Score Amplifiers are used to add weight to the composite score in order to raise priority and trigger alerts. The use of amplifiers can be configured in order to support different preferences and business rules.
In one embodiment, Direct Sentiment is measured for each incident on two distinct 3-point scales. One scale measures supporting sentiment, the second scale measures detracting sentiment. Thus, the scoring GUI 1200 includes a positive direct sentiment slider 1216 and a negative direct sentiment slider 1218 to facilitate entry of the Direct Sentiment metric. In this way, both the positive and negative dialog that happens in conversation can be accounted for to avoid the false minimization of the metric by having positive and negative sentiment average out.

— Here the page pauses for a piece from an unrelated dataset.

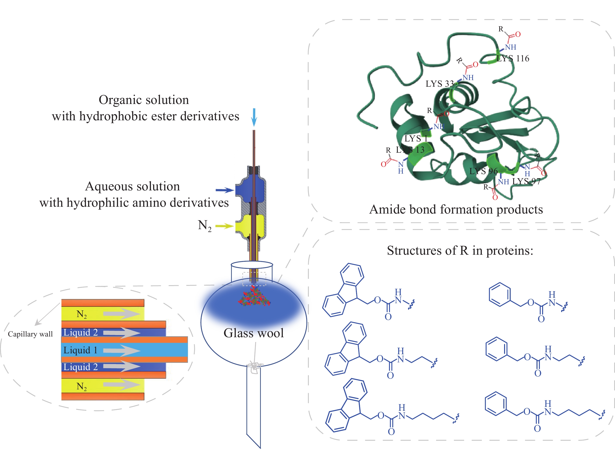 针对无相转移催化剂时不混溶两相间酰胺键构建过程中的瓶颈问题,利用微液滴化学技术优势,设计组装了可促进不混溶两相间液-液界面充分接触的微液滴反应装置,实现了两相间物质的共价偶联及产物收集,并结合质谱技术,快速监测分析微液滴中不混溶两相间反应。以疏水小分子酯与亲水多肽的氨基氨解形成酰胺键的反应作为微液滴中不混溶两相间反应的模型,阐明微液滴中传质方式、微液滴尺寸、电场强度、溶剂极性等因素对不混溶两相间界面的影响,成功实现了无相转移催化剂时两相中亲水分子与疏水分子的高效偶联,为不混溶两相中亲水蛋白与疏水分子间无需相转移催化剂的高效偶联提供了新方法。

In one embodiment, the report of direct sentiment scoring is presented on a bar chart. First, the boundary of possible measurement looks like this:
To the left is the negative, or detracting sentiment, to the right, positive, or supporting sentiment.
When an analyst measures detracting and supporting sentiment on each 3-point scale, they create the domain of detracting and supporting sentiment.
In this case, the analyst measured detracting sentiment as 2, supporting sentiment as 3.
The program measures the domain, and then the resulting sum, and shows it to the user as relationship of sum to domain.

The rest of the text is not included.